The table looks something like this when completely populated:
All calculations are ConsequenceCategory-centric. In addition, the ratios are also project-centric. That is, a ratio is calculated by the sum of all TotalCredits where PeopleRelated = 1 divided by the sum of all TotalCredits period <-- And this is per project, per Consequence Category. For example, you see the value of 0.1304347826 under Ratio in the first three rows <-- this is calculated from the value of 3.000 under TotalCredit in the third row divided by the sum 3.000 + 19.000 + 1.000 = 23.000. We are only concerned with the first three rows for this calculation because they are the only ones for which the project Id is 8 and the Consequence Category is 'Economic'. For other categories in project 8, we calculate a different ratio, as we do for different projects and their categories.
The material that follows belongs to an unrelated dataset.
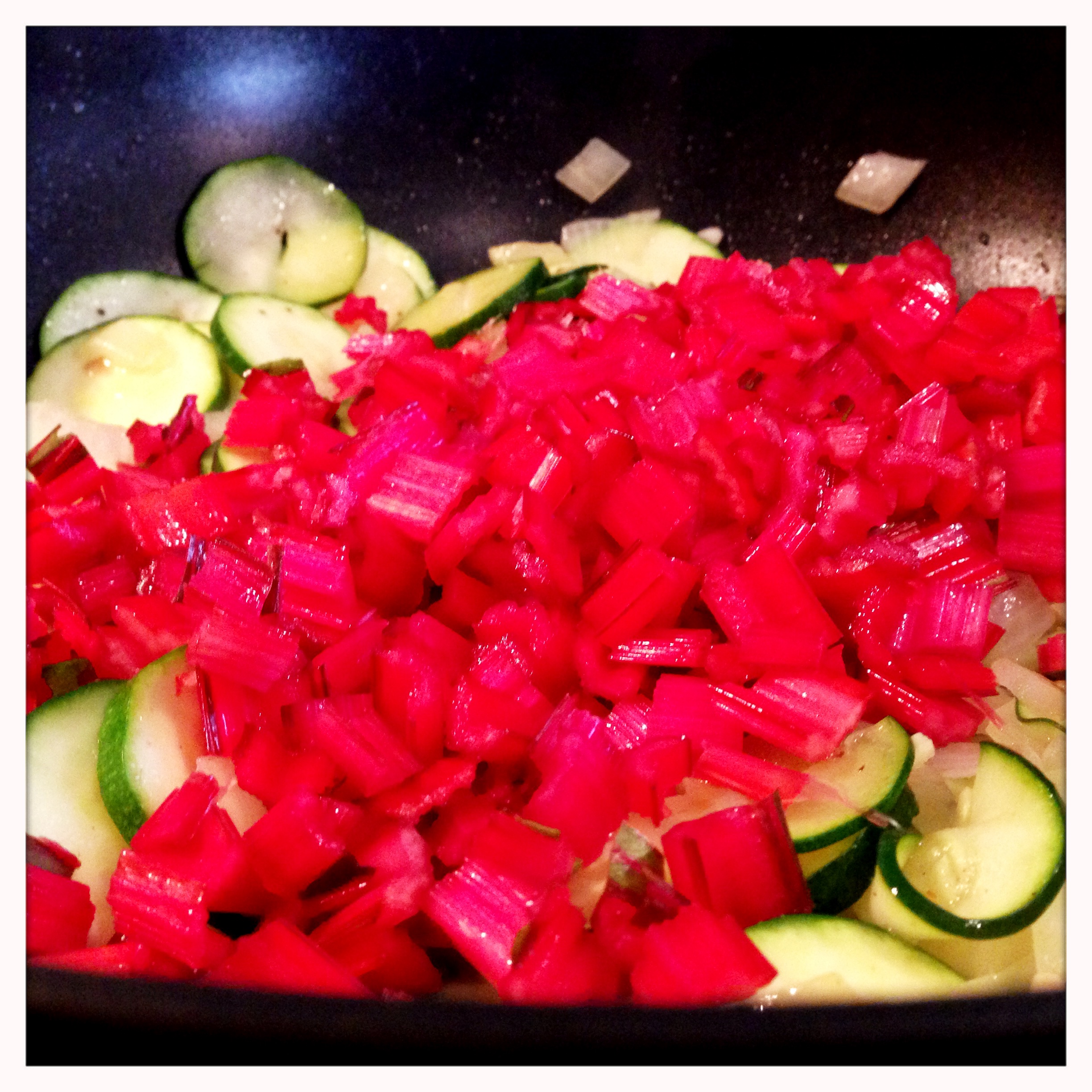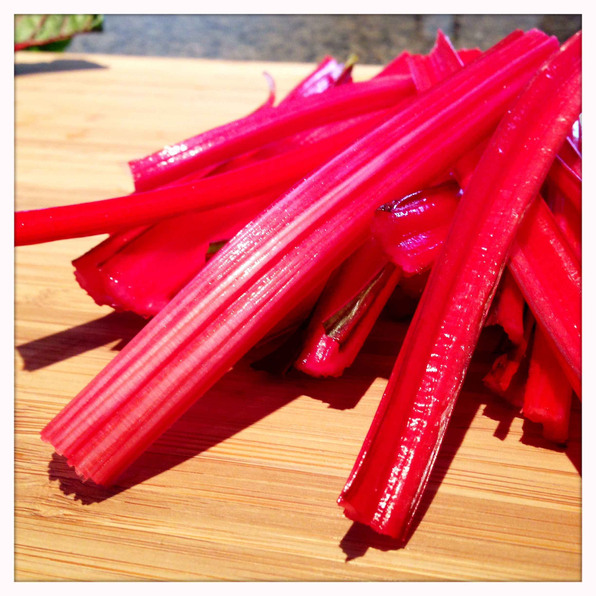Chop the stalks into 1/4″ – 1/2″ inch pieces, and set aside. Cutting the stalks into small pieces eliminates the stringiness of the bigger pieces, making them deliciously tender when cooked.

The ratios are the individual data points that go into the average and the standard deviation. Again, the average and standard deviation are ConsequenceCategory-centric. They are the averages and standard deviations per category across all projects.
The point of efficiency that I'm wondering about is in the looping. This happens in more than one spot in the stored procedure. For each one, I'm essentially populating a table, looping through its rows, doing what I have to do for each row, deleting the current row, and getting the next row.
Is there a better way of doing this?
Here is the stored procedure:
ALTER PROCEDURE [dbo].[GetRelianceOnPersonnelByCategory]
@projectIdList nvarchar(max)
AS
-- Parse the project ID list into a table:
DECLARE @projectIdTable TABLE (ProjectId INT)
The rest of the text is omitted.